Современное чтение, чтение зрителя — это почти припоминание в Платоновом смысле. Собственный телесный опыт (опыт ощущения реальности) выступает в роли прообраза, который должен быть распознан за словами текста. Причем опыт этот — как и положено ощущению — симультантен и суггестивен. Он не знает прошлого и будущего. Он есть только сейчас, и он есть — “я”. Анонимный в большинстве своем для читателя — даже если имя его известно, — автор “родным”, ассоциативно точным словом внезапно возвращает мне, читателю, мой мир таким, каким я его вижу, ощущаю и слышу. И мгновенность этой “раздираемой завесы” — засветился, засветился темный экран кинотеатра, началось кино — вызывает холодок, дрожь мурашек — эстетическую реакцию.
В этом — существенное отличие современного “припоминания” от авангардного остранения (по Шкловскому). Для читателя той эпохи литература была ценна и “цепляла” своей новизной. Теперь — подобием, похожестью на саму себя. Не переназвать все вещи, чтобы обновить их, а назвать, чтобы при чтении они были хотя бы узнаны, — вот теперь ее задача.
4. Литература. (Немного критики)
В мире зрителей статус чтения изменился настолько, что это должно было существенным образом отразиться на статусе самой литературы. Разумеется, рецептивная эволюция, начавшаяся несколько лет назад, далеко еще не завершена, и, разумеется, это не единственная причина нынешнего конфликта литературы с читателем. Тут как раз имеет место слом, трещина, постепенно заполняемая целительной смолой.
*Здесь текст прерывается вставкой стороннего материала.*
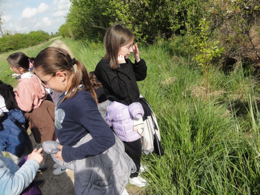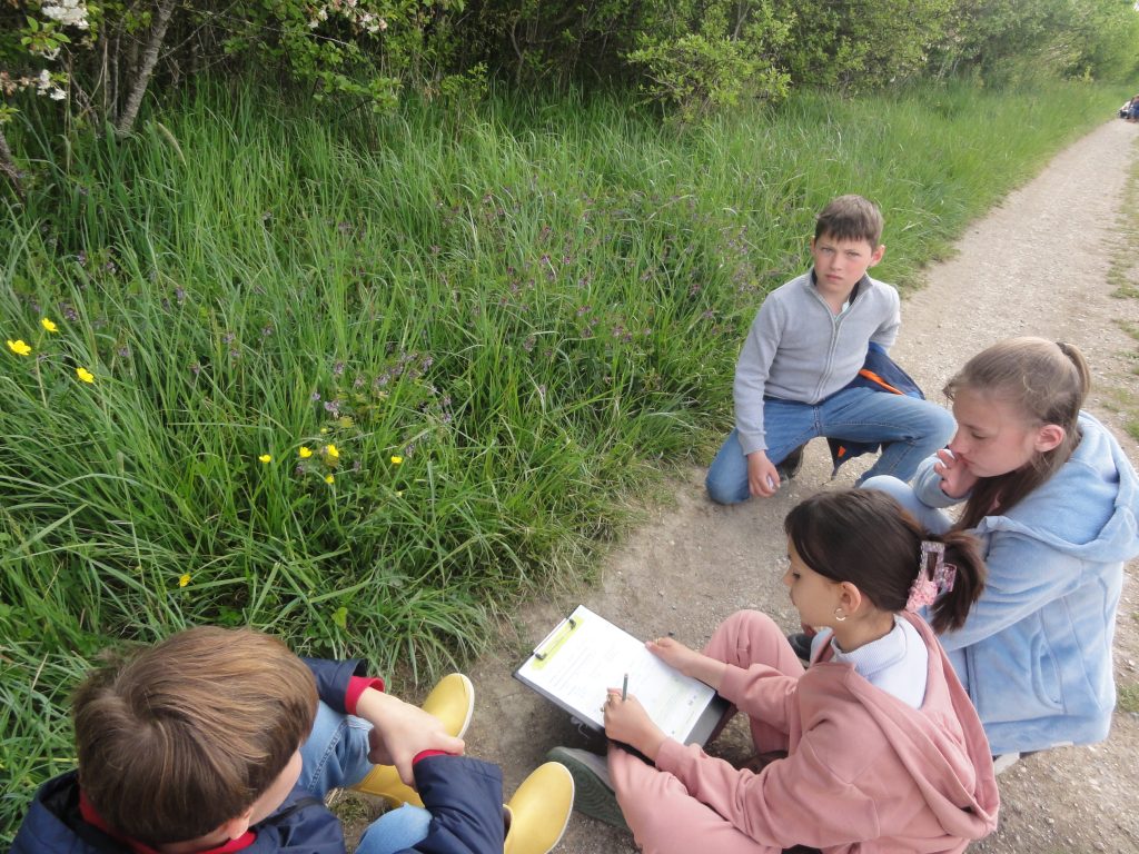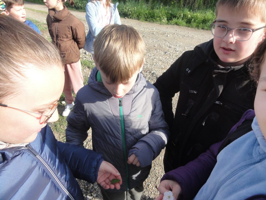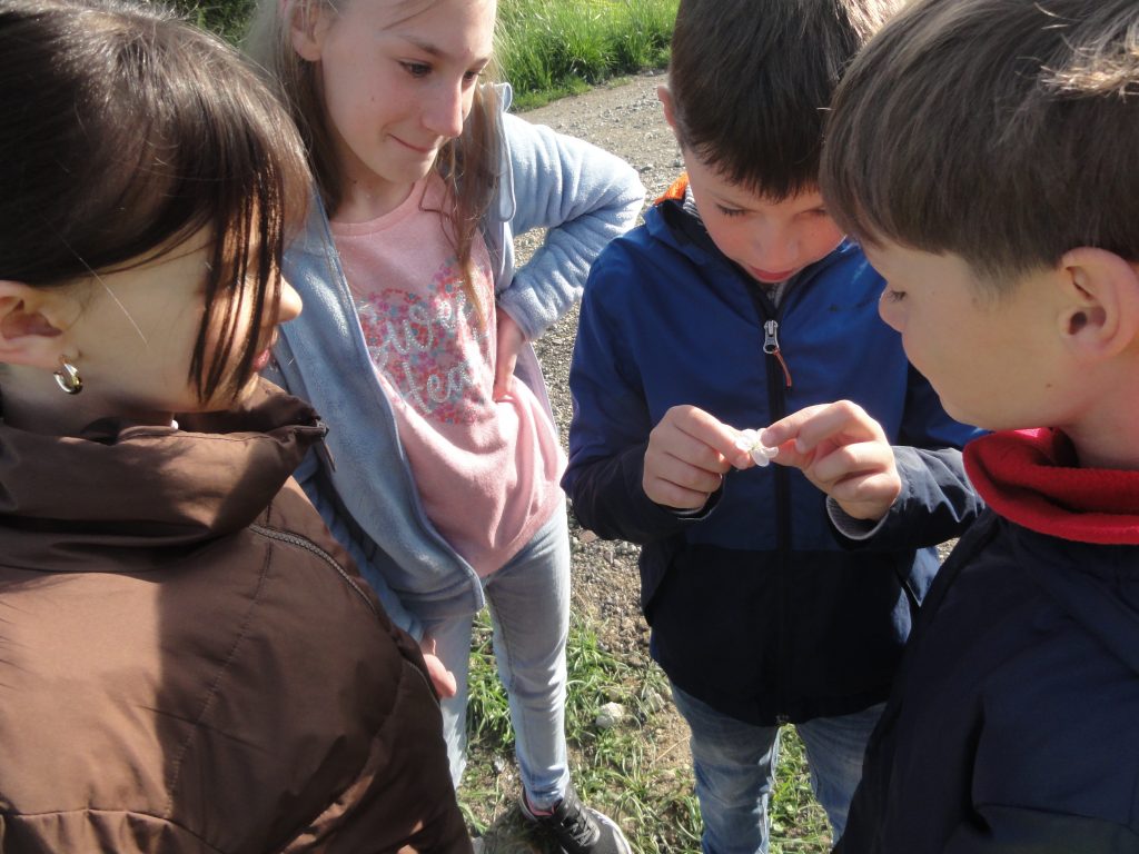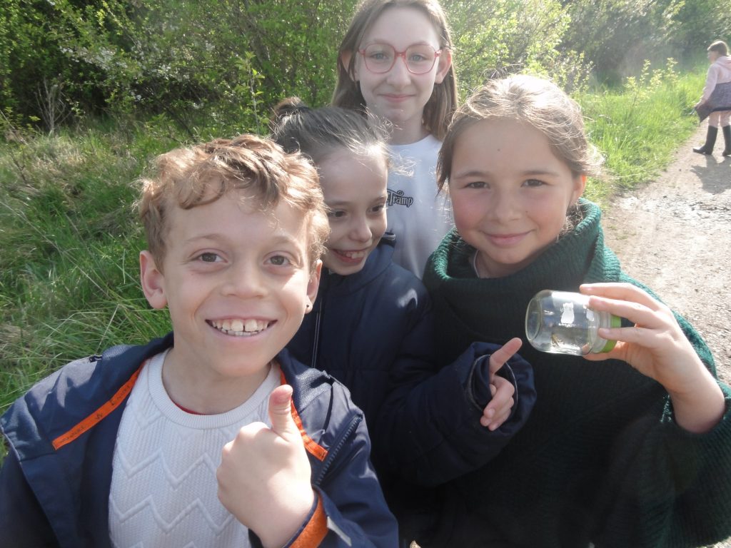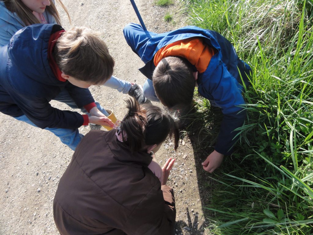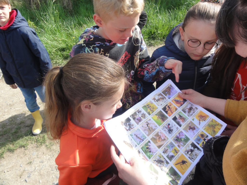Les élèves sont partis ensuite “à la chasse” aux insectes avec filets “à papillons” et bocaux pour recueillir les spécimens (on apprendra alors les noms des 4 familles de pollinisateurs : les lépidoptères, coléoptères, hyménoptères et diptères).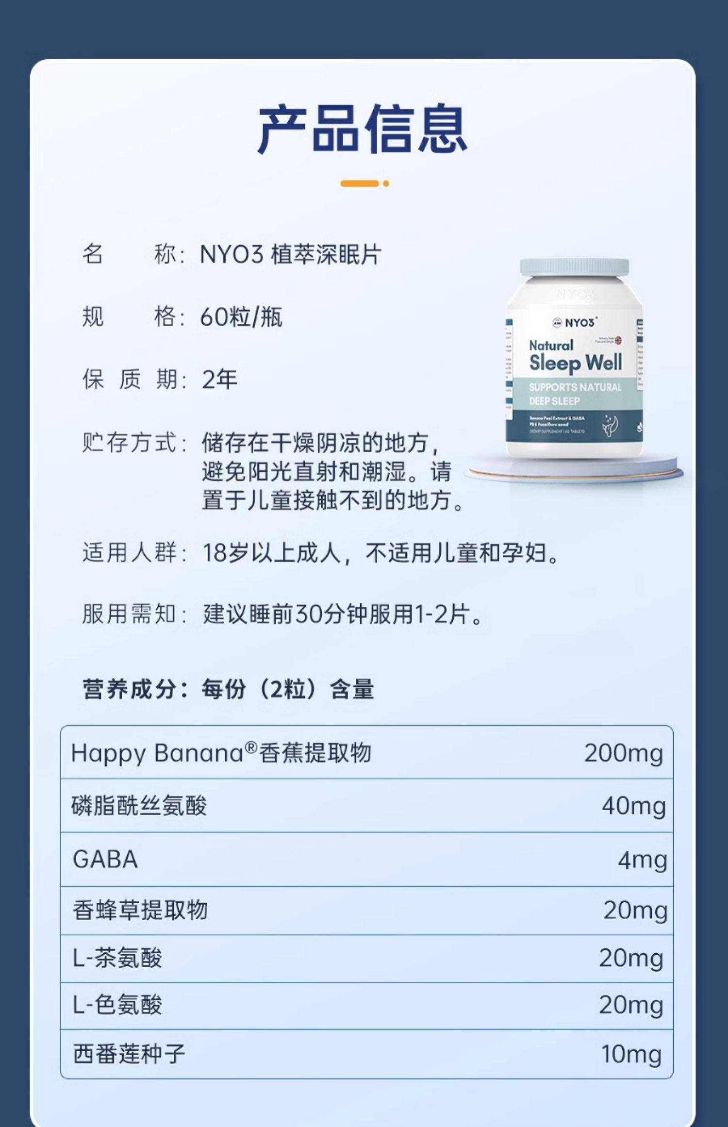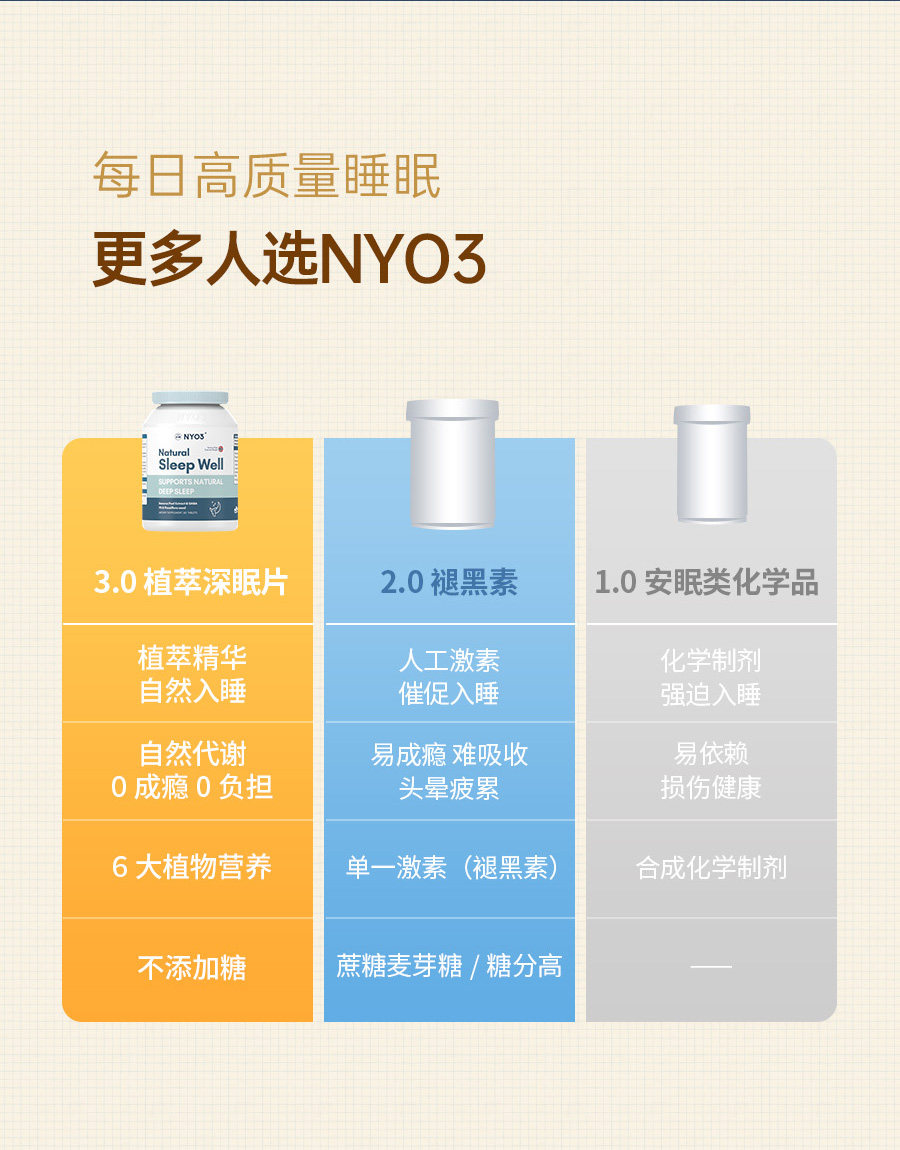 NYO3植萃深眠片非褪黑素睡眠晚安片改善成人闪睡片退黑色素无依赖

Зрителями ведь стали не только читатели. Зрители — и те, кто находится по другую сторону “зазеркалья”. Мне как-то довелось листать во множестве старые, начала девяностых, подшивки толстых журналов. А потом — вечером того же дня — несколько свежих, выпущенных в последние месяцы книжек. Впечатление было разительное. Все вроде то же самое, но с неким смещением. Неуловимо изменились фундаментальные характеристики текстов, сам способ представления реальности в них. Вещи, человеческие эмоции, телесные ощущения даны слегка иначе, чем в произведениях, опубликованных десять лет назад. Мизансценированы. Расписаны для какого-то будущего кино. С избытком подробностей и деталей, весь смысл которых лишь в том, чтобы усилить эффект реальности. Не забыть упомянуть, как именно ощущала героиня сквозь подошвы дешевых босоножек камешки на проселочной дороге, чем утренний свет фонаря, лезущий в глаза, специфически отличается от вечернего света того же фонаря, лезущего в глаза, рассбыпать по страницам повествования, как вешки на дороге, мелкие приметы времени, чтобы “совпало” — вплоть до названий улиц, кафе, марок сигарет и брендов пива... Кузнецов, Гришковец, Геласимов, Горалик, Курицын, Бавильский... Их тексты, генетически не взаимосвязанные, выстраиваются в единую линию, единое направление.
Еще в конце девяностых наши издатели предпринимали попытки привлечь широкого читателя к качественной (не серийно-массовой) отечественной прозе. Но книги, входившие в соответствующие серии, казались в большинстве своем неактуальными, не соотнесенными ни с опытом литературной современности, ни с мироощущением современного человека.
То, что происходит сейчас, можно обозначить как появление новой беллетристики, впитавшей и переработавшей опыт литературного постмодернизма девяностых и делающей акцент на изображении изменившегося повседневного, на трансляции современного способа видеть и чувствовать мир. “Культурной нагруженности” литературы предыдущего периода, когда каждое слово несло в себе память о своих предыдущих жизнях в литературе и словно бы было предназначено для интертекстуальной интерпретации (пресловутый филологизм), она противопоставила своего рода “культурную разгруженность”, когда целое — сюжет, скажем, — может быть прочитано сквозь призму культурного архетипа (Филемон и Бавкида — и новелла “Зиганшн-буги” у Геласимова), но при этом — вполне самодостаточно, отдельные же части — детали, вещи — легки и увидены с точки зрения “обычного”, или даже “типичного”, современника (в случае Геласимова — как современность воссозданы шестидесятые). Словом, “новой беллетристикой” тщательно реконструируется и даже ищется как фокус повествования точка зрения пресловутого everyman’а, повседневного человека конца девяностых — начала двухтысячных, проживающего жизнь, как кем-то показанное кино.